RB: Was ist schwieriger: Freiwillige zu gewinnen oder deren Freude am Ehrenamt zu bewahren?
Gabriele Eder-Cakl: Beides ist eine Herausforderung, aber beides ist mit dem richtigen Zugang und der entsprechenden Haltung machbar. Die Forschung belegt, dass sich die Freiwilligenarbeit verändert hat. Dass viele Menschen nicht mehr von der Taufe bis zum Begräbnis ehrenamtlich tätig sein wollen, sondern eher projektbezogen und passend zu ihrer jeweiligen Lebenssituation. Mit diesem Wissen im Hinterkopf muss man anders auf die Pfarrmitglieder zugehen.
RB: Was bedeutet dieser „andere Zugang“ konkret?
Eder-Cakl: Es ist ganz wichtig, die Leute nicht in ein Schema zu pressen, sondern im Geiste der Emmaus-Jünger zu fragen: Wofür schlägt und brennt dein Herz? Welche Form des Engagements passt zu wem? Dass sich Personen vielleicht nicht nach der Vorstellung, wie ich sie habe oder wie es in der Pfarre immer schon gemacht wurde, einbringen wollen, sondern lediglich für ein spezielles Thema oder Projekt. Beim einen ist es das Pilgern oder die Ministrantenarbeit, bei der anderen Entwicklungszusammenarbeit, Familienfasttag und Frauengruppe, wieder andere engagieren sich für die Kindergottesdienste oder gehen zum Kartenspielen mit älteren Leuten ins Seniorenheim. Das alles sind wichtige Beiträge in der Pfarrgemeinde.
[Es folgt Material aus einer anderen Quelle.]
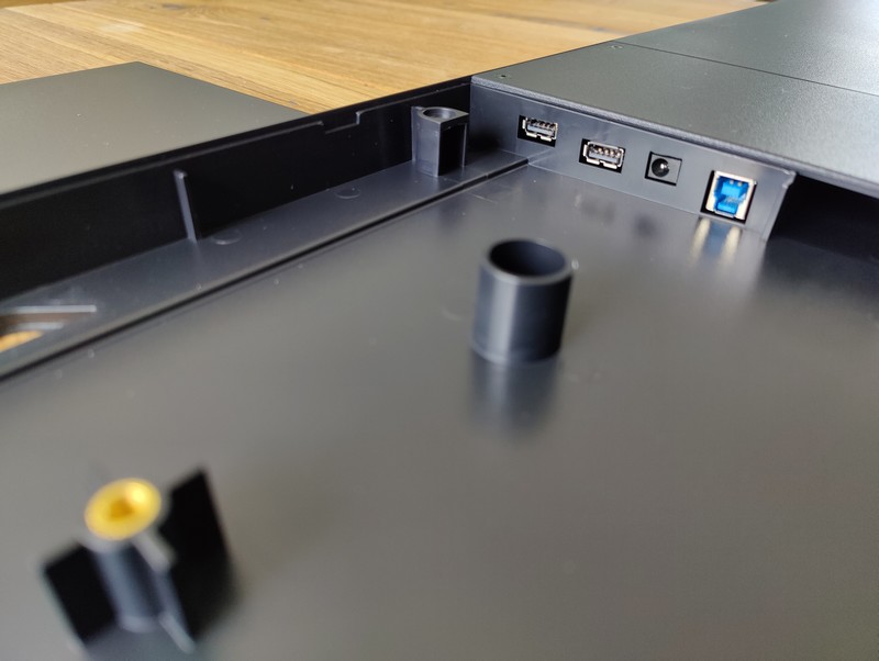 Au centre, sur la partie supérieur du plateau, nous avons accès à deux ports USB-A pour connecter ce que l'on souhaite. Bien entendu, ces ports USB sont reliés à votre PC par l'intermédiaire du Hub USB intégré au Couchmaster.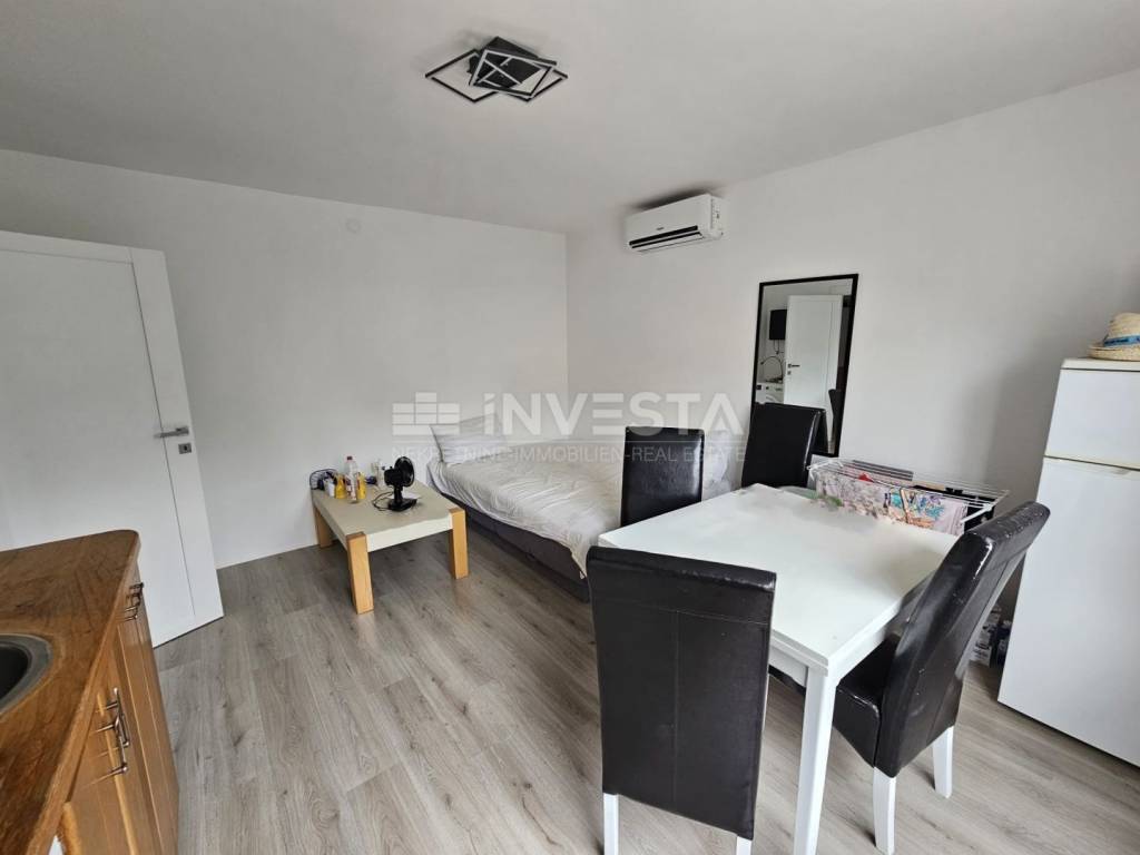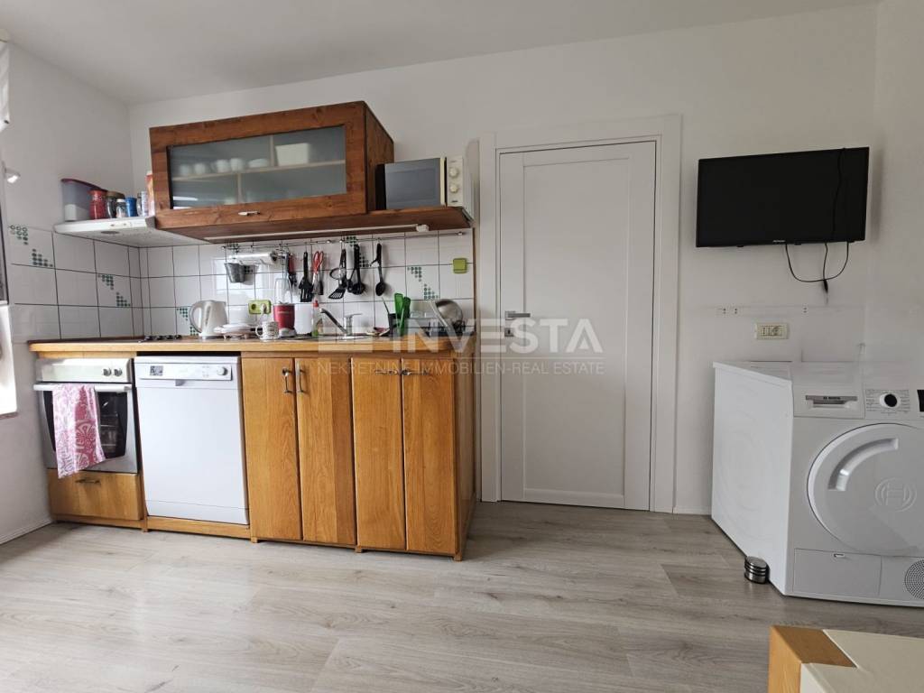 In the center of Fažana, just 150 m from the beautiful local beaches, this charming 32 m² apartment is for sale. It is located on the first floor of a residential building and consists of an entrance hall, a bathroom with a shower, one bedroom, and an open-plan living room with a kitchen and dining area. Heating/cooling is provided by an air-conditioning unit, and there is also the possibility of installing a solid-fuel stove since the building has a chimney. PVC joinery is installed. The apartment is sold fully furnished and equipped. A small storage room on the ground floor of the building also belongs to it.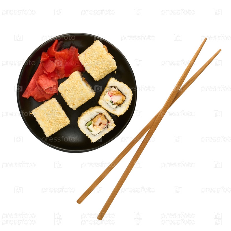 Японская еда, суши-роллы, имбирь и палочки для еды на белом фоне, плоская планировка
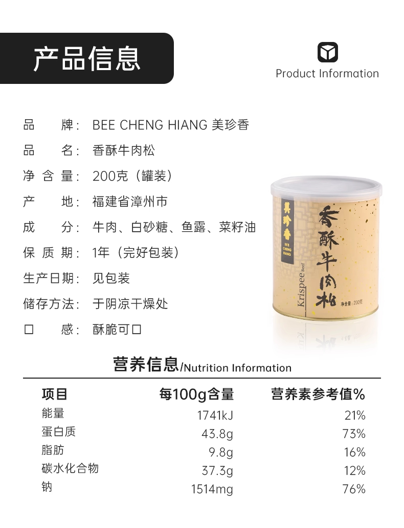 美珍香香酥牛肉松200g拌粥夹面包烘焙寿司营养健康零食罐装锁味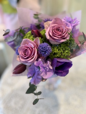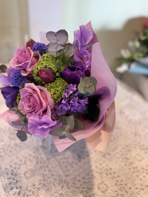 【3/14 ホワイトデー】季節のお花のブーケ(パープル)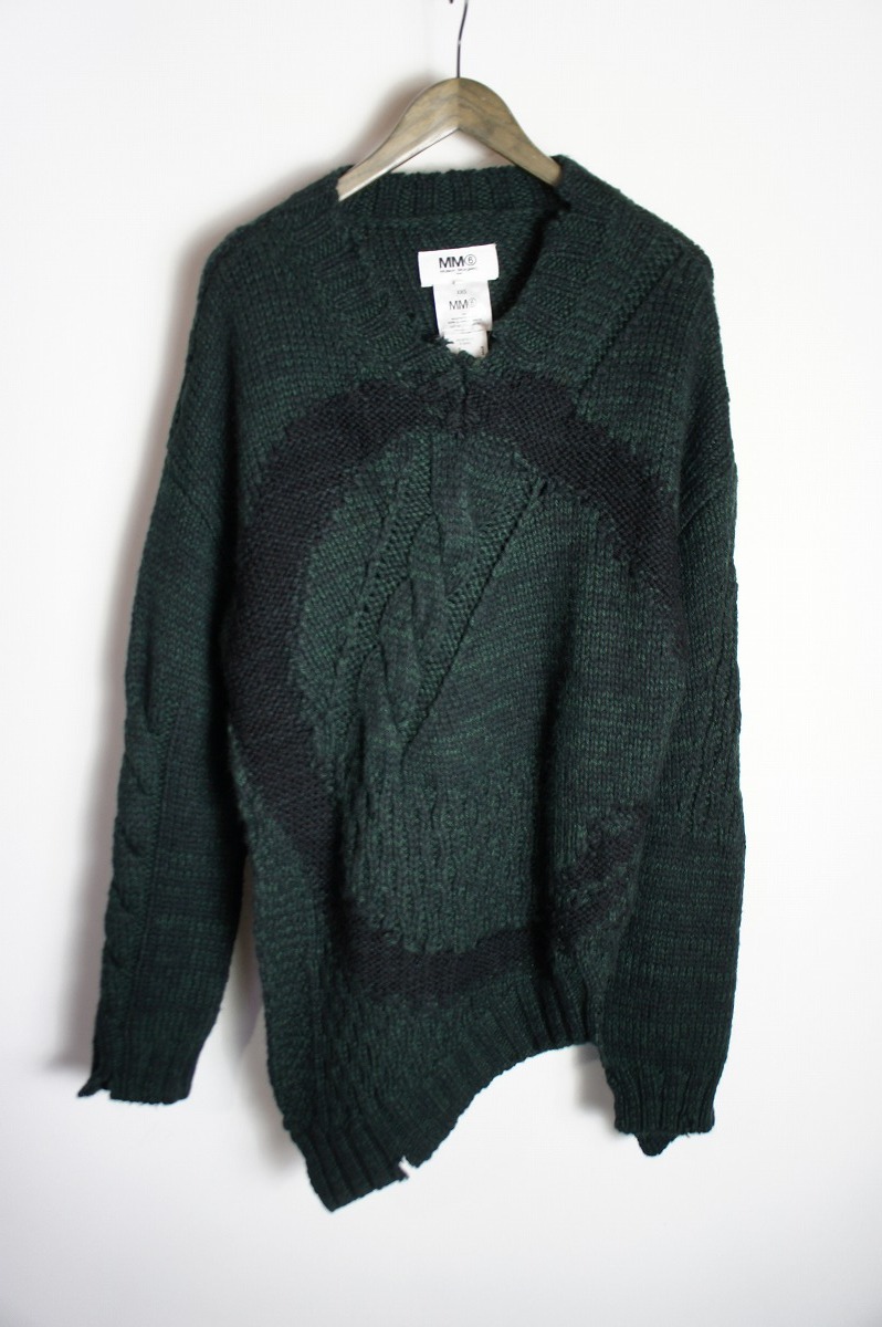 > 美品 国内正規22AW MM6 エムエム6 Maison Margielaメゾン マルジェラ DISTRESSED KNIT SWEATERケーブル ニット セーター S62GP0070 915O▲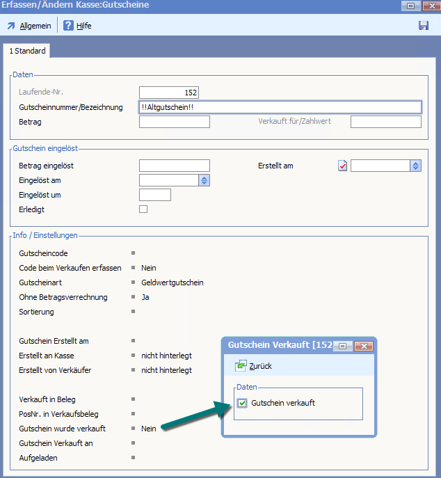 Zusätzlich muss das Kennzeichen "Gutschein verkauft" gesetzt werden. klicken Sie auf den Text "Gutschein wurde verkauft", um die Optionsmaske anzuzeigen.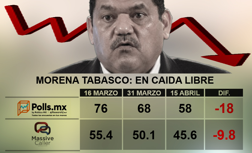 La agencia Polls.Mx publicó su análisis en torno a los sondeos de opinión que realizan diversas empresas a propósito de la elección de gobernador de Tabasco, y confirma lo que otras empresas como Massive Caller han venido advirtiendo: que el candidato de Morena, Javier May, ha estado perdiendo simpatías electorales conforme avanza la campaña.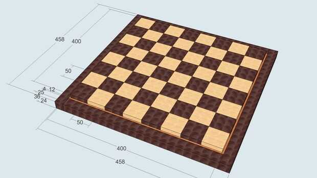 Hice los dibujos. El cliente quería plazas de 50 mm (aproximadamente 2"), así que hice 400 x 400 mm juegan superficie y 458 x 458 mm tamaño total. La frontera fue menor de superficies. Decidí usar el nogal y el arce de juego superficie y nuez y cereza para la frontera.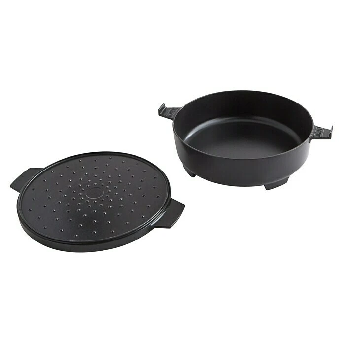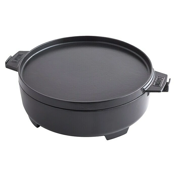 Der Weber Dutch Oven 2in1 bietet unbegrenzte Möglichkeiten auf dem Grill. Der 6,8-Liter-Dutch-Oven sorgt für eine gleichmäßige Wärmeverteilung und Wärmespeicherung – perfekt für zarte Braten oder aromatische Suppen und Eintöpfe. Der Deckel lässt sich auch als flache Grillplatte zum Toasten von Sandwiches oder zum Grillen von Hühnerbrust und Gemüse verwenden. Beide Teile können zusammen oder separat verwendet werden. Die porzellanemaillierte Oberfläche lässt sich leicht reinigen und die beiden Teile sind für eine platzsparende Aufbewahrung stapelbar. HINWEIS: Nur der Dutch Oven Sockel passt in die Gourmet BBQ System Grillroste.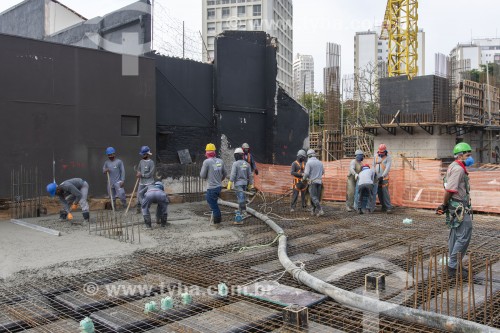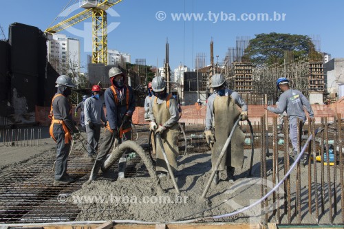 • Workers filling the slab of a building under construction with concrete in Vila Romana - Workers wearing a mask due to the coronavirus pandemic - Sao Paulo city - Sao Paulo state (SP) - Brazil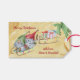 Etiquetas de presentes personalizadas para crianças com textos editáveis e ilustração dos gnomos de natal.Este design de aquarela bonitinho tem dois gnomos se divertindo tremendamente deitando pela areia no seu trenó puxando um trenó cheio de presentes. Tem uma tipografia balbuciosa e uma formulação editável de cheio.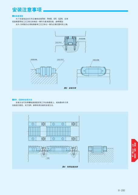 安装注意事项安装基准面为了在直线运动方向正确地安装RW、RWB、SR、GSN,应将底座侧面带有标记的相反一侧作为基准面安装。(参照图3)此外,负荷面为以滑轨侧面有标记一侧为正面位置时的上侧。安装基准面标记安装基准面标记负载负荷面图3安装示例SR、GSN的安装方法安装方法可采用螺栓直接固定到工作台和基座上,或如图4所示用压板进行固定。关于SR,推荐利用压板的安装方法。压板图4利用压板安装Ⅱ-200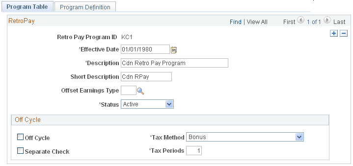 Use the Program Table page (RETROPAY_PGM_TBL) to describe a retro pay program and specify paysheet processing options.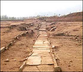 The pebbled road in the south of the square soon disappeared, but a north-south stone plank road emerged, which led to the Pengxi River. Almost all the roads unearthed in Mingyueba came to the Pengxi River at last. Sailing upwards, the Tang people could get to Kaizhou, a significant town of Xiachuandong and now called Kaixian. Going downwards, people would go to the Yangtze River at Shuangjiang (Two Rivers) Town. In this way, Mingyueba was connected with Yizhou (today's Chengdu, capital city of Sichuan Province), the political and economic center of the upper reach of the Yangtze River, and Yangzhou, Jiangsu Province, the political and economic center of the lower reach of the Yangtze River.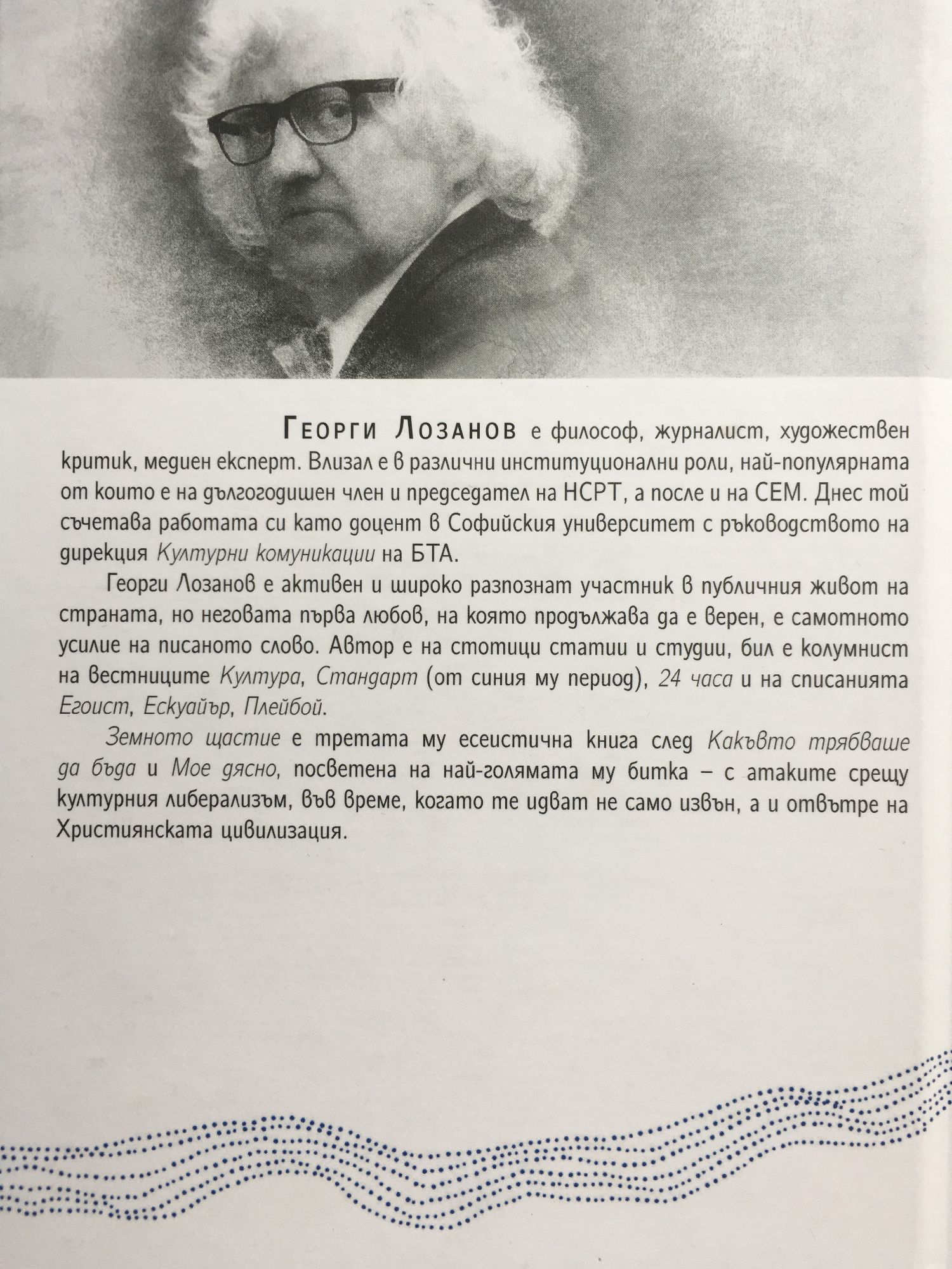 Георги Лозанов е философ, журналист, художествен критик, медиен експерт. Влизал е в различни институционални роли, най-популярната от които е на дългогодишен член и председател на НСРТ, а после и на СЕМ. Днес той съчетава работата си като доцент в Софийския университет с ръководството на дирекция Културни комуникации на БТА. "Земното щастие" е третата му есеистична книга след "Какъвто трябваше да бъда" и "Мое дясно", посветена на най-голямата му битка - с атаките срещу културния либерализъм, във време, когато те идват не само извън, а и отвътре на Християнската цивилизация.

Wir nehmen die Freiwilligen unterstützend an die Hand, lassen sie aber zugleich so arbeiten, wie es ihnen gut tut.
RB: Was sind Ihre persönlichen Erfahrungen in diesem Bereich?
Eder-Cakl: Wenn man mit einem offenen Ohr, Herzen und Auge auf die Leute zugeht, also die Menschen in der Pfarre mit wachem Blick wahrnimmt, dann erkennt man ihre Fähigkeiten und findet auch immer wieder Ehrenamtliche. Wenn wir Seelsorgeteams aufbauen, ist da genau beschrieben, was die Freiwilligen erwartet und wie viel Zeit dafür ungefähr einzuplanen ist. Und es braucht viel Unterstützung – durch die Diözese, durch die Pfarre, durch Schulungen oder auch durch eine zweite Person. Man wird nicht allein gelassen. Bildlich gesprochen: Wir nehmen die Freiwilligen unterstützend an die Hand, lassen sie aber zugleich so arbeiten, wie es ihnen guttut.
RB: Was sind dabei die wichtigsten Formen der Wertschätzung?
Eder-Cakl: Vertrauen, dass es die Person ernst meint und gut macht, sowie regelmäßig und ehrlich danke sagen – auch gerne mal vor der Gottesdienstgemeinde. Man denkt, das ist selbstverständlich, aber das ist es oft nicht. Erst neulich habe ich wieder gehört, dass sich eine Person die ganze Advent-, Weihnachts- und Osterzeit mit Mesnerarbeit, Gottesdienstvorbereitungen und so weiter Tag und Nacht für die Pfarre „zerspragelt“ hat – und am Ende der Heiligen Woche kam niemandem ein Dankeschön über die Lippen. Das geht einfach nicht. Es muss ja nicht immer ein Blumenstrauß oder ein Geschenk sein, es muss einfach nur gesagt werden. Das entspricht übrigens auch ganz dem synodalen Geist, der jetzt in unserer Kirche umgesetzt werden soll: diese Haltung der Wertschätzung, des Respekts und des Wahrnehmens der anderen Charismen.